INSTRUCTIONS FOR THE TASK:
Write out only the lines from the line containing "ANTALYA TURKEY 27" to the end of the listing below, both included, exactly as they stand. Drop the pictures.

RECORDED INFORMATION:
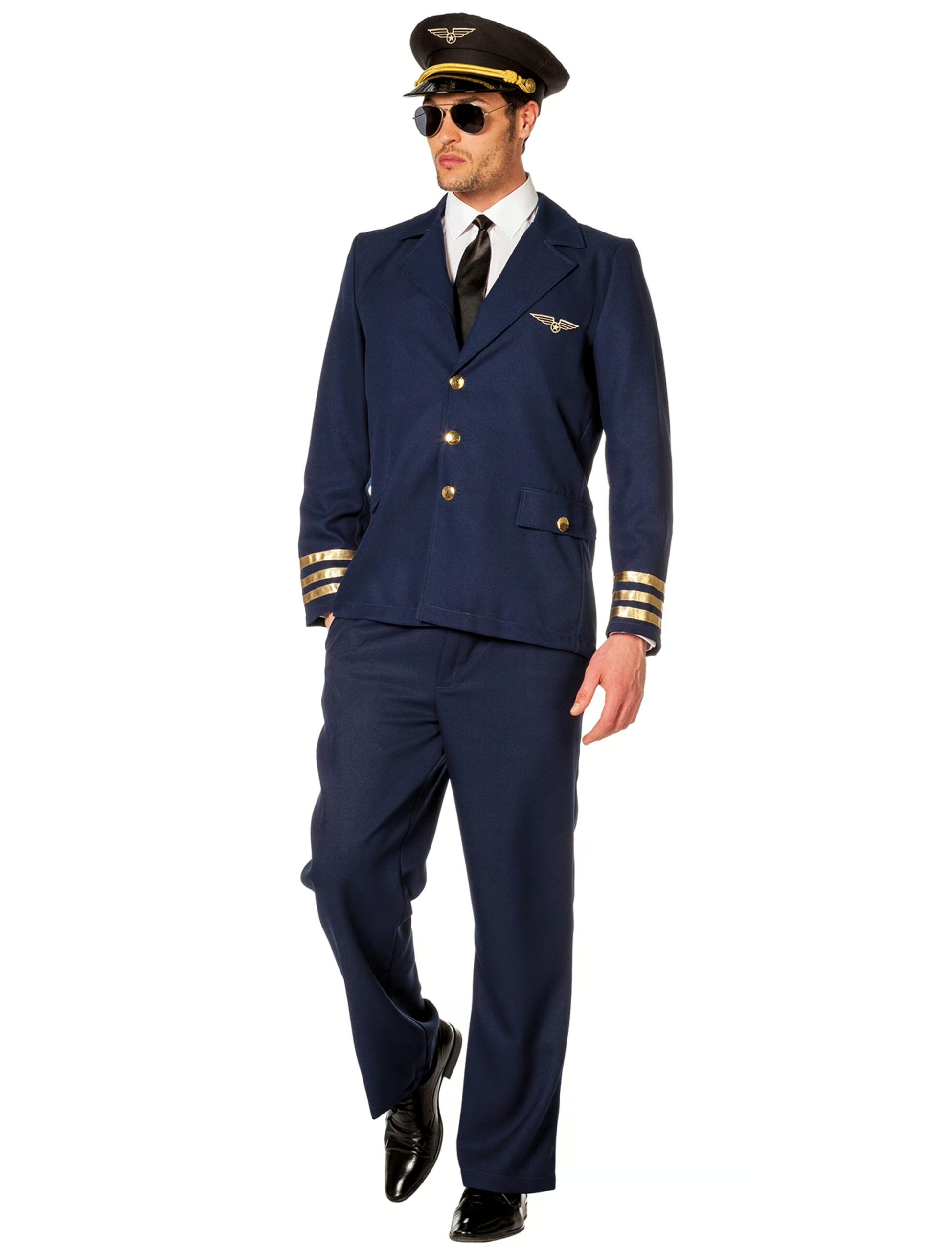 Nächster Halt Köllefornia! Dieser schicke deluxe Pilotenanzug lässt die Augen auf jeder Party groß werden. Teil dieses edlen Sets ist ein dunkelblaues Pilotenjackett und eine elegante farblich passende Hose. Geschickt gesetzte goldene Akzente auf dem Jackett, wie Knöpfe oder Armverzierungen, machen Dein originelles Outfit zum Hingucker auf jeder Party. Dieses Kostüm eignet sich unter anderem für den Karneval draußen oder Kostümpartys. Mit passendem Zubehör wie einem klassischer Pilotenhut, einer schicken Pilotenbrille und einer schwarzen Krawatte kann die wilde Reise beginnen.
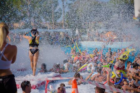 ANTALYA TURKEY 27 SEPT 2019: Party in the pool with foam and show program. Dancing in the summer in the hotel’s refreshing pool, lots of people have fun and dance
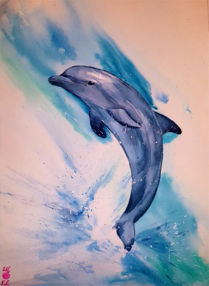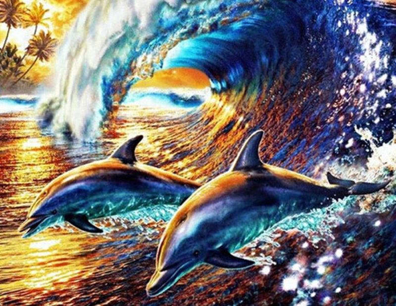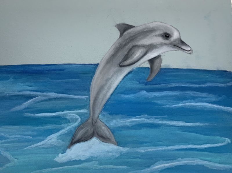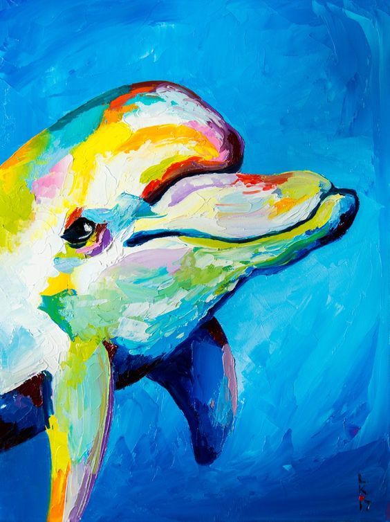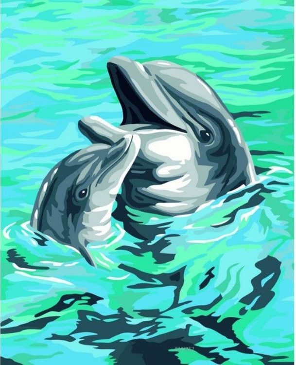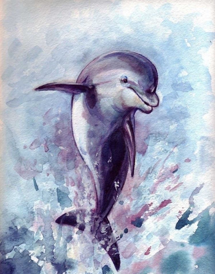 Нарисувайте с боя и делфините, като използвате тънка или средна четка. Започнете с комбиниране на черно, бяло и синьо. И направете силует на животното (който прилича на петно). От него се очертават носът и перките. След това добавяме белило към използвания цвят.

ANSWER TO THE PROBLEM:
 ANTALYA TURKEY 27 SEPT 2019: Party in the pool with foam and show program. Dancing in the summer in the hotel’s refreshing pool, lots of people have fun and dance
 Нарисувайте с боя и делфините, като използвате тънка или средна четка. Започнете с комбиниране на черно, бяло и синьо. И направете силует на животното (който прилича на петно). От него се очертават носът и перките. След това добавяме белило към използвания цвят.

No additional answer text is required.